The reason we ended up in London this summer was my daughters’ passion for anything Harry Potter. Over the years the two of them read and re-read the books many times, and watched all the movies repeatedly. For several years on Halloween they dressed up as characters from the series. When young, they dressed up as “good” characters such as Hermione. Later, as they entered their teens, they preferred to dress up as more wicked, goth-looking Death Eaters.

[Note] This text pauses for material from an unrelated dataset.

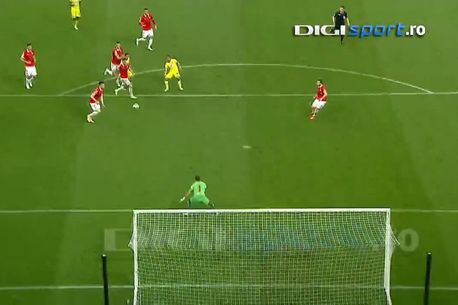 Faza de la golul doi marcat de Stanciu. Mingea are efect și, într-adevăr, dă senzația că s-ar duce pe lângă poartă

A few years ago they forced us to visit Disney World, where we spent a couple of LONG days pacing up and down Diagon Alley. The girls coerced us into standing FIVE TIMES in the exceedingly long lines leading to Olivander’s Wand Shop. They hoped that a wand will choose them, as it did all young wizards. Little scientists as they were, they soon realized that the wands seemed to have a pattern: they always picked kids from a specific part of the store, one time a boy, the next a girl. And so, on the fifth attempt, my girls managed to squeeze right into that golden spot. Lo and behold, viola! — a wand picked one of them! A rather expensive one at that, as we later learned at the checkout counter…
This year, after much begging, the kids finally got their way. When summer came, we all made a pilgrimage to the Mecca of Pottermanina. Fresh off the plane, exhausted from a long flight and completely jet lagged, we had to hike all the way to King’s Cross Station to look for Platform 9 3/4. Those of us who were concerned it’ll be hard to spot soon realized there was nothing to worry about. There it was, right next to the Potter gift shop, at the end of a super-long line of giddy tourists. There were actually two or three 9 ¾ platforms, one next to the other. Each had it’s own line and half a shopping cart (the other half supposedly disappearing into the wall), flashed again and again by professional and amateur photographers alike.
The next day we went to Leadenhall Market, the filming location for Hogs Head:
Then we crossed Millennium Bridge. This is the bridge the Death Eaters destroyed in Harry Potter and the Half-Blood Prince:
When we went to the London Zoo a few days later, our very first stop was naturally the reptile exhibition:
Not surprisingly, this beautiful village appeared in several movies. To my kids, however, only the Potter movies mattered. And of all the nice houses, only one was worth a thorough look. The building they cared about appeared in the Philosopher’s Stone, where it was featured as the outside of the Potter birth home at Godric’s Hollow:
Sadly, we couldn’t visit Lacock Abbey, another Potter shooting location. The abbey was closed when we arrived.
Of course a Potter trip could not be complete without a day at the Warner Bros. Studios. But that, I think, is worth its own post.